Édito — il y a 8 mois

Temps de lecture: 3 minutes

"L’humain transforme les choses, mais l’œuvre a besoin de temps." Cynthia Fleury

Aurons-nous un twist ending mondial ? 

Nous sommes au milieu du gué, les peurs font trembler les démocraties par-delà le monde. La cible : le capitalisme. Le sytème menace de rompre si un nouveau modèle ne donne pas de l’espoir à ceux qui n’en n’ont plus. L’équation sera plurielle et, au confluent de la politique et de l’économie, il y a les hommes, l’humain et les citoyens. L’enjeu sera kantien : faire sortir l’homme de la minorité dont il est lui-même responsable. Le défi sera de transformer les citoyens en irremplaçables, pour changer le destin commun en quelque chose de mieux, de mieux vivable et surtout de plus humaniste.

1

Révolution démocratique 

"Ils ne mouraient pas tous, mais tous étaient frappés." La Fontaine 

Cette phrase résume assez bien l’état des démocraties dans le monde. Pas un pays où la quiétude est exemplaire. Les pays sont tourmentés par des menaces multiples qui vont de la guerre, au terrorisme, en passant par la famine, la pauvreté, le climat, les migrations, jusqu’au capitalisme mortifère qui devient la verrue des démocraties, tant les peuples n’en supportent plus les injustices. 

Depuis trop longtemps, la colère est silencieuse. Aujourd’hui, le murmure est devenu un frémissement, qui lui-même est devenu un grondement, qui menace lui-même de devenir une éruption volcanique. En 2019, les démocraties montrent leurs limites et la nécessité d’en repenser les contours pour les déprendre de leur impuissance dangereuse qui menace les équilibres mondiaux. 

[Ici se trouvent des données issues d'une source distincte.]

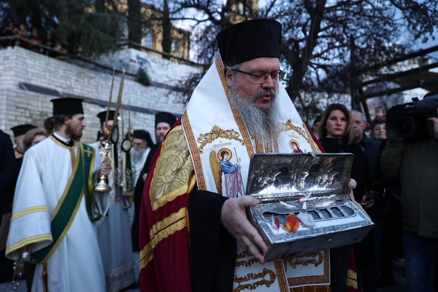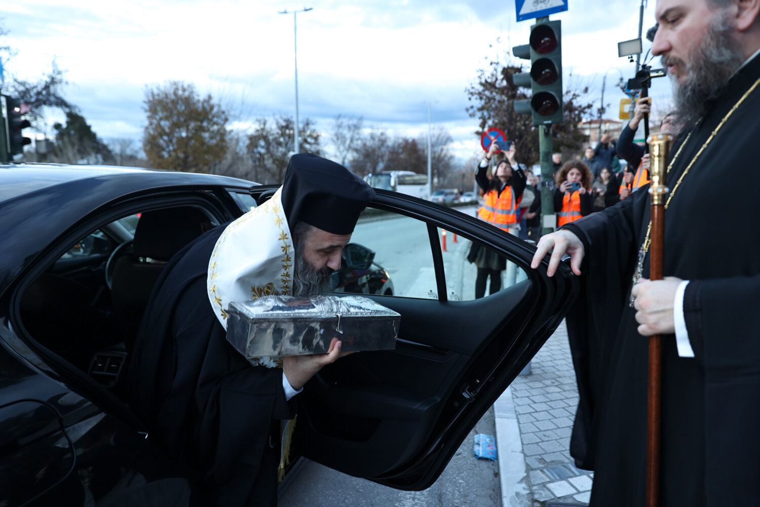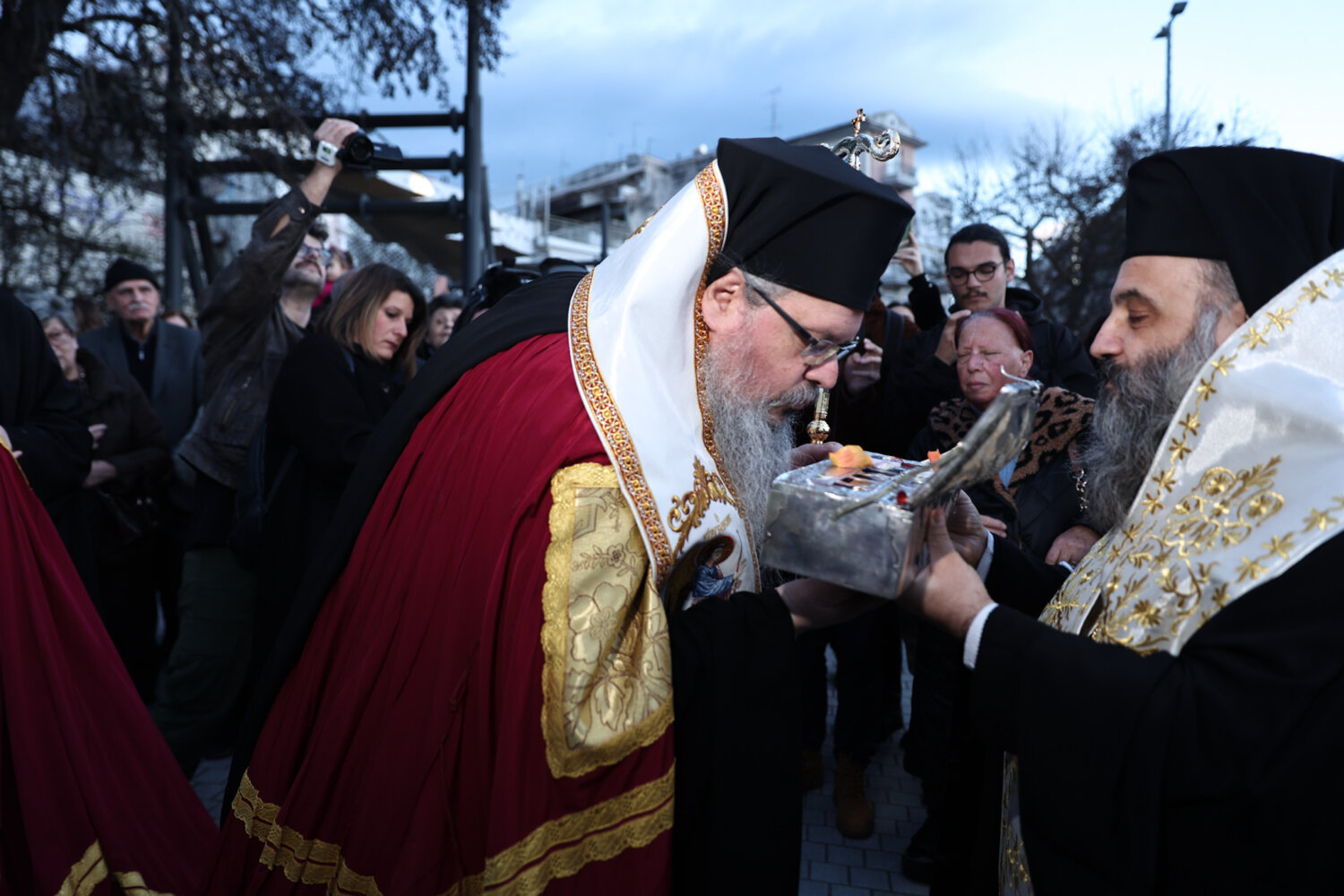Η υποδοχή πραγματοποιήθηκε μέσα σε κλίμα βαθιάς κατάνυξης και πνευματικής αγαλλίασης, παρουσία του Σεβασμιωτάτου Μητροπολίτη Λαρίσης και Τυρνάβου κ. Ιερωνύμου, του ιερού κλήρου και πλήθους πιστών που έσπευσαν να προσκυνήσουν το ιερό σέβασμα.

Les identités sont diffractées : les pays ont peine à incarner un dessein qui rassemble et donne de la respiration aux souffrances des peuples et les peuples ne savent plus dans quoi se projeter pour exister. Les mutations du monde aiguisent les vulnérabilités des systèmes politiques mondiaux et encore plus celles des individus. 

La politique doit sortir de sa dimension plébéienne pour repenser le monde à la bonne hauteur. il s’agit de construire une nouvelle éthique de la mondialisation, avec lucidité et courage, pour faire face avec les bonnes réponses aux mutations du monde qui vient. Les classes politiques doivent cesser d’instrumentaliser les peurs pour anoblir la dimension représentative de la démocratie et lui redonner une incarnation citoyenne qui dépasse les réflexes d’un système élitiste qui promeut la reproduction des élites, créant ainsi une frontière sociale dissonante. L’enjeu est d’unir plutôt que de désunir. Le défi est de mettre un terme à l’incapacité générale de penser le monde pour repenser le rôle des états et des citoyens, mais sans démagogie aucune. 

Le temps est venu de réparer les démocraties et d’inventer une intelligence institutionnelle qui célèbre le commun plutôt que l’individu. Il faut méditer le concept de paideia pour réussir à élever l’individu vers une culture qui le rende capable d’exercer sa fonction de citoyen et d’acquérir les vertus. L’éducation, jusqu’à la culture, ont de fait une place fondamentale à jouer dans l’individuation des peuples. 

Le projet mondial doit être de donner de nouveaux repères dans le respect d’un cadre global et local. Il s’agit de créer des marqueurs communs, tout en respectant les particularismes nationaux. Cela exige par ailleurs de lutter contre le simplisme intellectuel qui consiste à faire le récit des défaillances systémiques avec des raccourcis qui insultent l’intelligence collective, en voulant nier le réel de la complexité du monde actuel et à venir. 

Le monde s’organise à nouveau autour de blocs. Ce ne sont plus les frontières de la guerre froide, mais de nouvelles recomposées à l’aune de la révolution technologique. La nouvelle guerre est digitale. Le leadership mondial se redistribue à l’aune de l’influence technologique. Les nouvelles règles du jeu mondial se dessinent au gré des avancées technologiques et du curseur de l’éthique privilégié par les nouveaux maîtres du monde. 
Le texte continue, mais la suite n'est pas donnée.